La grandeur du libéralisme politique et l’État de droit issus des Lumières ne peuvent que résider dans la fidélité démocratique à la modernité politique de Beccaria qui condamne définitivement la pédagogie de l’effroi. Les reconfigurations des seuils du sensible autour du respect de la personne ont petit à petit discrédité les châtiments corporels, objets de scandales publics ou privés, thèmes de mépris moral.
La famille sans fessée et comme la cité de la dignité humaine sans châtiments corporels.
De A jusqu’à presque Z, ce beau dictionnaire érudit le démontre pleinement. En le refermant, on reste songeur.
Pourquoi ne pas envisager un second tome intitulé : Dictionnaire du câlin et des caresses. Choyer et embrasser? Tout un programme bienvenu dans le marasme ambiant des corps malmenés et contrits.
Isabelle Poutrin et Élisabeth Lusset (direction), Dictionnaire du fouet et de la fessée. Corriger et punir, Paris, février 2022, puf, 773 pages.
Dans nos société féminisées et supposément non violentes, on a substitué la pédagogie de la manipulation, du harcèlement et de l’exclusion à la pédagogie de l’effroi.
Peut-être moins violente physiquement mais tout aussi brutale (voire plus).
De nos jours on ne tue plus et on ne frappe plus comme dans le passé. On pousse au suicide.
Quant à la discipline sociale, je crois qu’elle a encore de très beaux jours devant elle.
J’ai aujourd’hui 62 ans. Quand j’étais enfant il est arrivé une bonne dizaine de fois que mes parents excédés par nos sottises de gosses, décident de m’administrer, à moi ou à l’un de mes frères, une bonne fessée. Il est aussi arrivé que ce soit la cravache. Jamais, ni moi ni aucun de mes frères n’avons ressenti cela comme un humiliation, ni comme un traumatisme. C’était juste une petite sanction, acceptée et jugée légitime par ceux qui la recevaient, même pas douloureuse, pour marquer qu’on avait fait une bêtise. C’était anodin, sans aucune gravité. Et c’était vite oublié. En y repensant, cela fait plutôt sourire. Mes parents n’étaient pas, n’on jamais été et ne sont toujours pas (ils sont encore en bonne santé) autoritaires, ni durs, ni incompréhensifs, ni même particulièrement stricts. Tout au contraire. Ce n’étaient pas non plus des parents bornés ou attachés à des principes rétrogrades. Mon père était professeur d’université, comme M. Porret. Quand on voit l’importance donnée à cette question par la pseudo intelligentsia gauchiste actuelle, on a la meilleure preuve que cette intelligentsia est inepte, ridicule et ne peut que conduire notree société dans des faux problèmes et des impasses.

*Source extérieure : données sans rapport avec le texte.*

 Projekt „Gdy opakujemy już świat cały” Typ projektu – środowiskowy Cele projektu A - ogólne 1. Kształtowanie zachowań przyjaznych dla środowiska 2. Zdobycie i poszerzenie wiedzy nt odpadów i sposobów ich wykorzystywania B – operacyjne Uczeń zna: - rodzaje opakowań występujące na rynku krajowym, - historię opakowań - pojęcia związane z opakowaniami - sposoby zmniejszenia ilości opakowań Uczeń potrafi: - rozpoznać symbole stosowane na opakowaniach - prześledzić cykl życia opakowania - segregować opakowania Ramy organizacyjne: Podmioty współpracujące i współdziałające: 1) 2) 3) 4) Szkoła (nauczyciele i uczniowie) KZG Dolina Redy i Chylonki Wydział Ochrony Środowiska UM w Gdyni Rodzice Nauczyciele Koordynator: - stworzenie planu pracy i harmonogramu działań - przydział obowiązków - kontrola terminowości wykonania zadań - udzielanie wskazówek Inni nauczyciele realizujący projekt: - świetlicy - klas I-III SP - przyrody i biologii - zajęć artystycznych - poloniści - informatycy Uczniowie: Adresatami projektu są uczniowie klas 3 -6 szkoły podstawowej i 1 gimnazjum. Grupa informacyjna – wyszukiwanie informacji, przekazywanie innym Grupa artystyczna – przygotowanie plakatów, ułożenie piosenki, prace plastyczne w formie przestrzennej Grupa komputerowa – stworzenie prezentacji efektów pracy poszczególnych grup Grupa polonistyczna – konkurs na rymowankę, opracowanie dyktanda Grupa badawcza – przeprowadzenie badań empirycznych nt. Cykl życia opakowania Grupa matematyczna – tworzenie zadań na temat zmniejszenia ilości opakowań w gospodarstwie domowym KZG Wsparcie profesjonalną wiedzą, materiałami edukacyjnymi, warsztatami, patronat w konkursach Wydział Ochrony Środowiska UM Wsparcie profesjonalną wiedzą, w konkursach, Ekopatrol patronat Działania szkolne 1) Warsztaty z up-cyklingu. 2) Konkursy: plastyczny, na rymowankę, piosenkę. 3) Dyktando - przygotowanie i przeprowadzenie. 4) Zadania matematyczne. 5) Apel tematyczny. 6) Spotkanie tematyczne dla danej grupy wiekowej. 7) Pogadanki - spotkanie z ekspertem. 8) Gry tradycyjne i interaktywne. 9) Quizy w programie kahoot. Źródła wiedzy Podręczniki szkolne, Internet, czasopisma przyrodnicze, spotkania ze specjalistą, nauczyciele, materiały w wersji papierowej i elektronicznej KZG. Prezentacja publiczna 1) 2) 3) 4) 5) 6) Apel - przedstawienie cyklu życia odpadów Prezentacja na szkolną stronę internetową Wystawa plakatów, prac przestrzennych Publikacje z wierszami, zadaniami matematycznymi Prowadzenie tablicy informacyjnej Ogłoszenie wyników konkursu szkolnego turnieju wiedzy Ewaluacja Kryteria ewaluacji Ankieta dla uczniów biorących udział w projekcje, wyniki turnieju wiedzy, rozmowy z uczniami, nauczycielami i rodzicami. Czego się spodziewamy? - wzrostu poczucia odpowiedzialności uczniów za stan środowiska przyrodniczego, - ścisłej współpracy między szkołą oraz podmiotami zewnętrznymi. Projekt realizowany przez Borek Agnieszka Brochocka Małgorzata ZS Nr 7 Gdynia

La théorie du genre est frapadingue, mais la diabolisation de la fessée est simplement ridicule.
Histoire et anthropologie de la violence domestique ne riment pas avec “diabolisation”.
Merci de nous rappeler la chanson de Jacques Dutronc, un morceau d’anthologie qui m’a fait éclater de rire! “L’Opportuniste” du même auteur est pas mal non plus et n’a également pas pris une seule ride en un demi-siècle.